HiCache++ forecasts with Dynamic Mode Decomposition (Prony) — DMD (Schmid 2010) is the
SVD-regularised generalisation of Prony's method (1795): identify the linear propagator
A from raw velocity snapshots (F_{t+1} ≈ A F_t), eigendecompose it once, and predict any
(fractional) horizon k by eigenvalue powers:
F_{t+k} ≈ Φ (λ**k ⊙ b), b = Φ⁺ F_t
It is exact on exponential trajectories (the solution class) — the property polynomials lack — so it holds quality at skip intervals where Hermite/Taylor drift.
How it compares
Every modern feature cache skips the network on most steps and forecasts the velocity; they differ in the basis used to extrapolate. The basis is what sets the skip ceiling, because a diffusion feature trajectory is (locally) a sum of exponentials, not a polynomial. HiCache++'s basis is the Dynamic Mode Decomposition (Prony) exponential:
| Method | Forecast basis | Exact on the feature-ODE class | Extrapolation | Max lossless skip* |
|---|---|---|---|---|
| TaylorSeer | monomial (Taylor) | ✗ | diverges | small |
| HiCache | scaled-Hermite | ✗ | drifts | interval‑3 |
| FoCa · Padé · Chebyshev | rational / orthogonal poly | ✗ | drifts | small–moderate |
| HiCache++ (this work) | exponential (DMD / Prony) | ✓ exact | bounded, correct asymptotics | interval‑5–6 |
*measured on Hunyuan3D-2.1 / SAM3D-slat (see Results).

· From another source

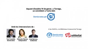 Aquest dissabte al vespre, a la Biblioteca Comarcal de Tàrrega, Elisenda Paluzie, Uriel Bertran i Toni Castellà presenten “Demòcrates pel SÍ”, la campanya per demanar el Sí en el referèndum sobre la independència de 2017, amb Demòcrates de Catalunya, independents i Solidaritat Catalana per la Independència.

A polynomial basis is only a local truncation of the exponential, so it is accurate for a tiny skip and diverges as the horizon grows; the exponential basis is the exact solution class, so it stays lossless further out — and the exponential forecaster admits fractional horizons, so it forecasts sub-steps between compute steps exactly.
Why exponentials (the math)
A diffusion/flow-matching sampler integrates dx/dt = v_θ(x, t). Across timesteps the
cached feature F_t (the CFG-combined velocity) evolves under a slowly-varying, near-linear
operator. The exact solution of a linear ODE Ḟ = M F is F_t = Σ_j a_j e^{μ_j t} — a sum
of exponentials with poles μ_j (damped if Re μ_j < 0, oscillatory if Im μ_j ≠ 0).
- Polynomial basis (Taylor monomials, Hermite): a local Taylor truncation of that exponential. Accurate for a tiny skip, diverges as the horizon grows → modest skip cap.
- Exponential basis — Dynamic Mode Decomposition (Prony): the exact function class. Fit
the poles
λ_j = e^{μ_j Δ}from snapshots and extrapolate with bounded, correct asymptotics.
The ≥4-snapshot floor. A real-valued trajectory spends two real degrees of freedom
on every complex pole (a conjugate pair r e^{±iω} → r^t cos ωt, r^t sin ωt). So even a
single oscillatory mode needs rank 3 to identify, i.e. 3 snapshot-pairs = 4 snapshots. With
only 2 pairs the fit aliases (empirically ~2e-1 error vs ~5e-9 at 3 pairs). Below the floor (or
across a non-uniform window) HiCache++ falls back to the Hermite forecast for warm-up.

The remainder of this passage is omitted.